### AVAILABLE DATA
•••

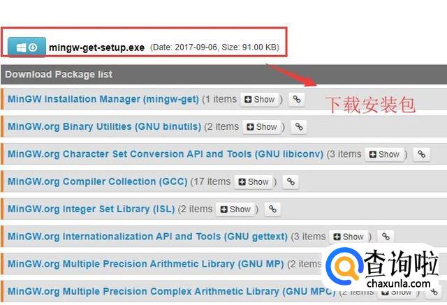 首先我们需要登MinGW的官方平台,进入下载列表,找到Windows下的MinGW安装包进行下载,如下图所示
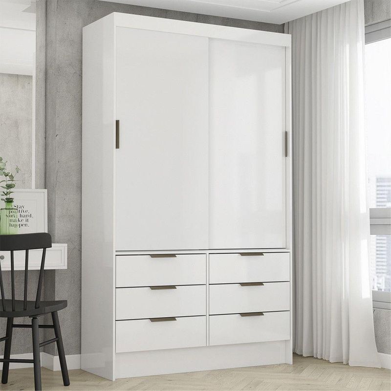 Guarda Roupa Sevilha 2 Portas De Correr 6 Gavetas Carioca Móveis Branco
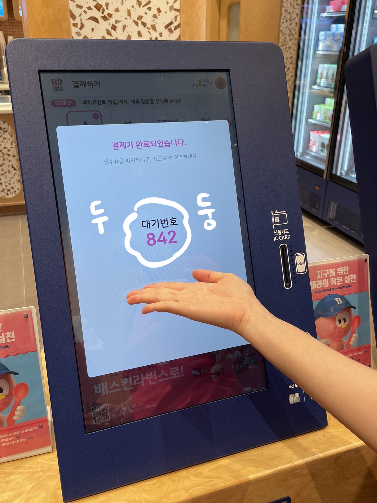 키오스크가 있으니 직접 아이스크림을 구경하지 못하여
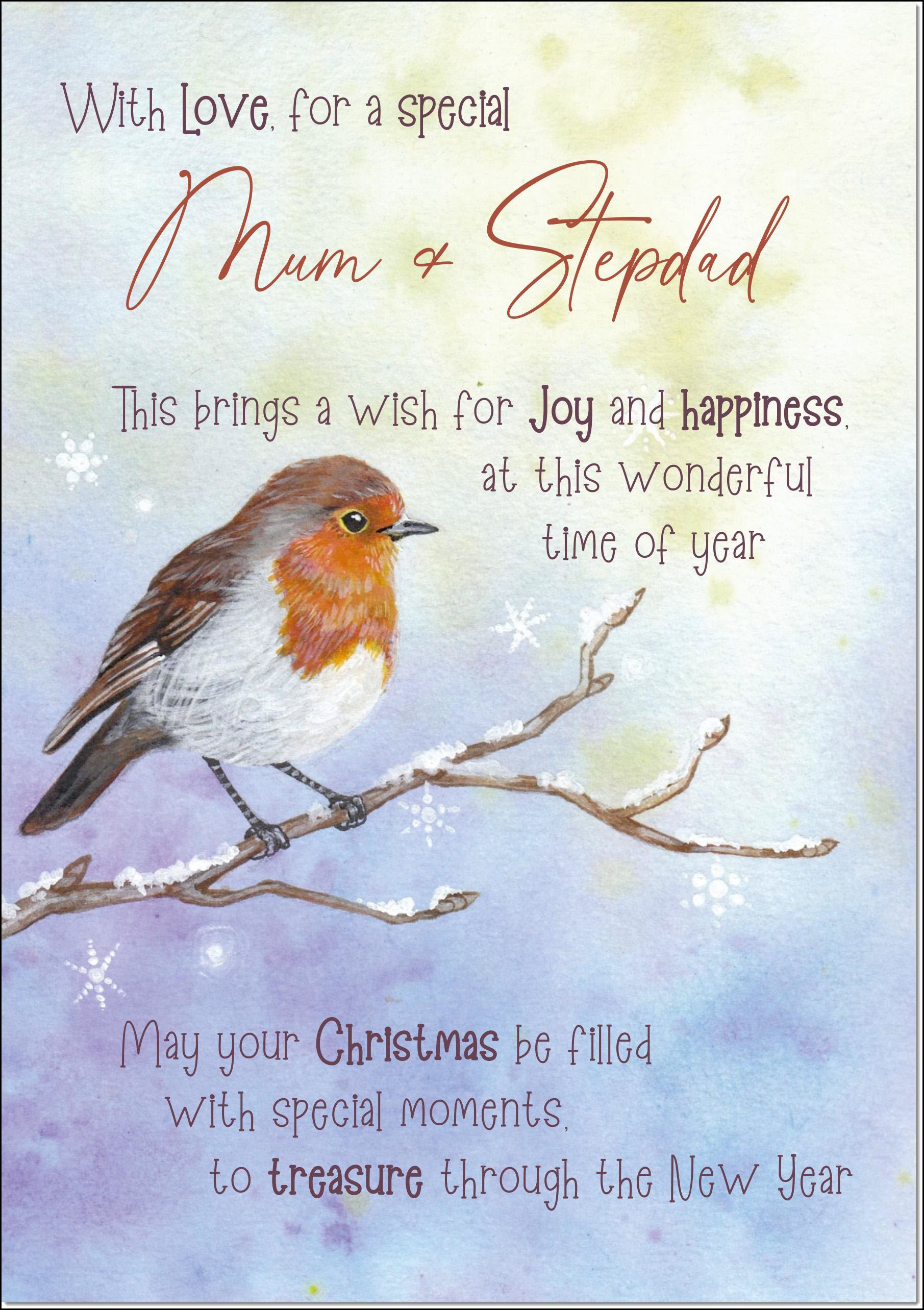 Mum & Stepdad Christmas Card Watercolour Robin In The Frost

•••

### WORK TO COMPLETE
Going from the line with "키오스크가 있으니 직접 아이스크림을 구경하지 못하여" to the last line of the listing, write out each line exactly and nothing else. Leave out all pictures.

### RESULT
 키오스크가 있으니 직접 아이스크림을 구경하지 못하여
 Mum & Stepdad Christmas Card Watercolour Robin In The Frost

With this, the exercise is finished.